Gene overlap occurs when two or more genes are encoded by the same nucleotides. This phenomenon is found in all taxonomic domains, but is particularly common in viruses, where it may provide a mechanism to increase the information content of compact genomes. The presence of overlapping reading frames (OvRFs) can skew estimates of selection based on the rates of non-synonymous and synonymous substitutions, since a substitution that is synonymous in one reading frame may be non-synonymous in another, and vice versa.

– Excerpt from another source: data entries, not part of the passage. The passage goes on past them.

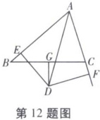 12. 如图所示,在 $ \triangle A B C $ 中,$ A D $ 平分 $ \angle B A C $,$ D G \perp B C $ 且平分 $ B C $,$ D E \perp A B $ 于 $ E $,$ D F \perp A C $ 于 $ F $。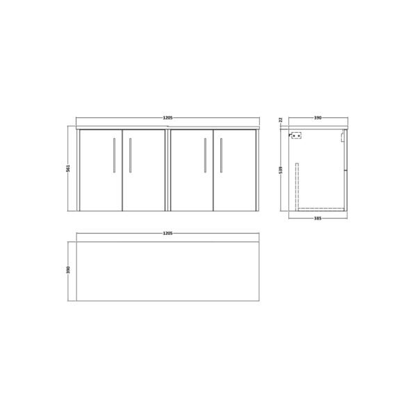Hudson Reed Juno 4 Door Wall Hung Vanity Unit With Worktop – 1200mm Wide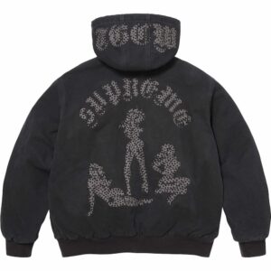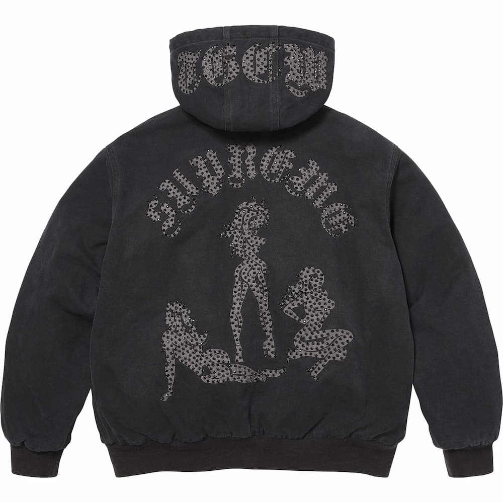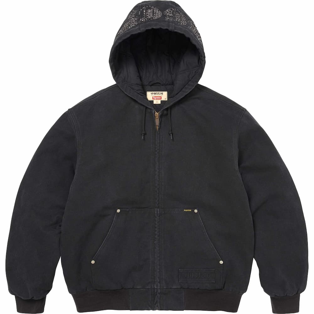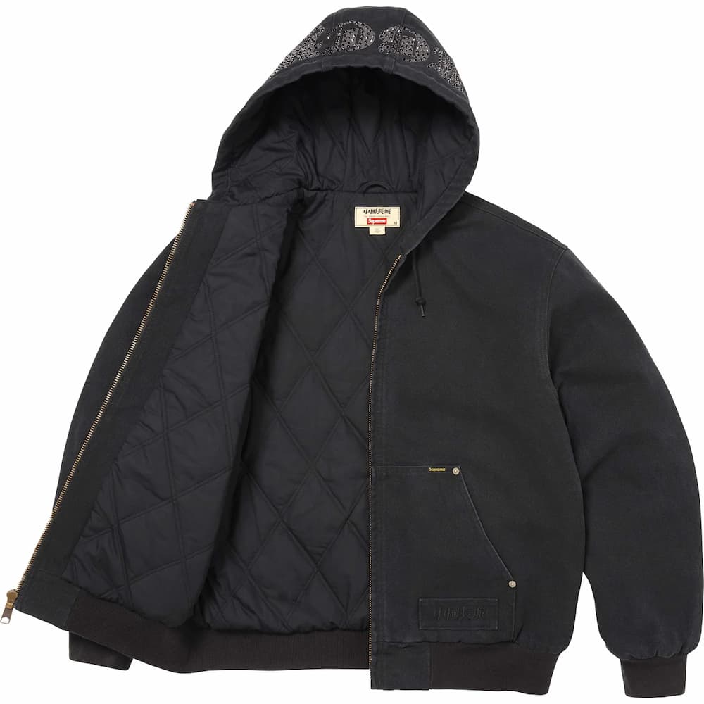 アメリカのブランド「ザ・グレートチャイナウォール」による、ラインストーン装飾のロゴとグラフィックを施したコットンキャンバス素材のフーデットワークジャケット。ジャケットの内側は3Mシンサレートとキルティングで保温性を高めてある。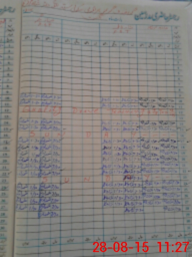 | CNIC | Full Name | Designation | R/C | Absence During Last Calender Month |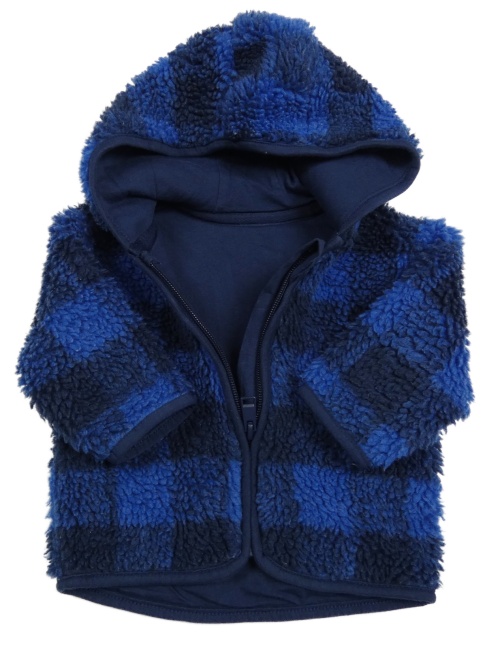 Tmavomodrá kostkovaná huňatá podšitá propínací mikina s kapucí M&S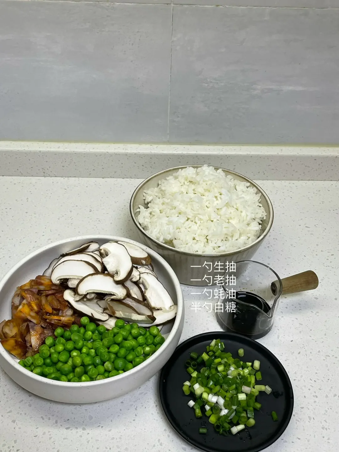 家里有剩米饭的一定要试试这个炒饭,分分钟光盘,喜欢吃炒饭的一定不要错过呀~ 食材:剩饭 香菇 腊肠 豌豆 配料:生抽 老抽 耗油 白糖 葱花 1⃣️:一勺生抽 一勺老抽 一勺蚝油 半勺白糖搅匀 2⃣️:豌豆焯水后捞出备用,香菇切薄片,腊肠切薄片,葱切碎 3⃣️:起锅倒入腊肠爆出油,倒入豌豆和香菇炒香,倒入剩饭炒散,再倒入料汁炒几分钟,翻炒入味,出锅前撒葱花即可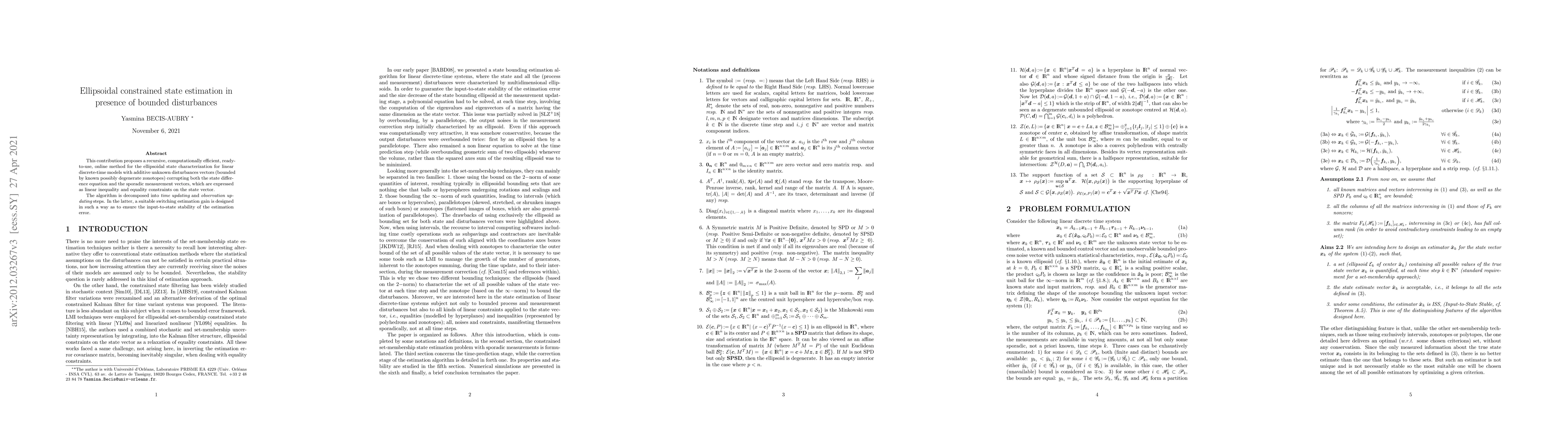 This contribution proposes a recursive, computationally efficient, ready-to-use, online method for the ellipsoidal state characterization for linear discrete-time models with additive unknown disturbances vectors (bounded by known possibly degenerate zonotopes) corrupting both the state difference equation and the sporadic measurement vectors, which are expressed as linear inequality and equality constraints on the state vector. The algorithm is decomposed into time updating and observation updating steps. In the latter, a suitable switching estimation gain is designed in such a way as to ensure the input-to-state stability of the estimation error.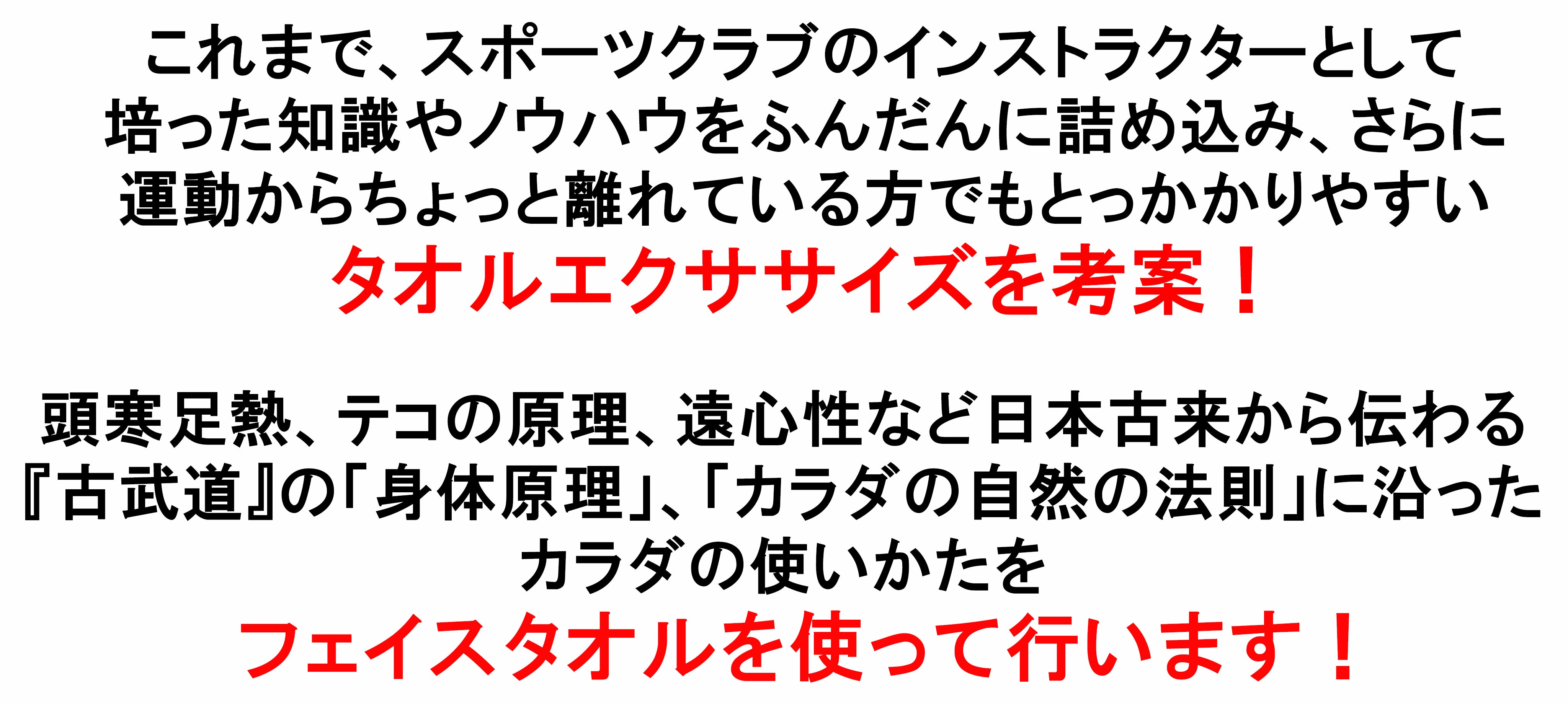頭寒足熱、テコの原理、遠心法など、日本古来から伝わる『古武道』の「身体原理」、「カラダの自然の法則」に沿ったカラダの使い方をお年寄りや初心者、アスリートまで幅広く使えるオリジナルエクササイズを考案しました。

To understand the impact of OvRFs on molecular evolution, HexSE implemented a versatile simulation model of nucleotide sequence evolution along a phylogeny with an arbitrary distribution of reading frames in linear or circular genomes. We use a custom data structure to track the substitution rates at every nucleotide site, which is determined by the stationary nucleotide frequencies, transition bias, and the distribution of selection biases (dN/dS) in the respective reading frames.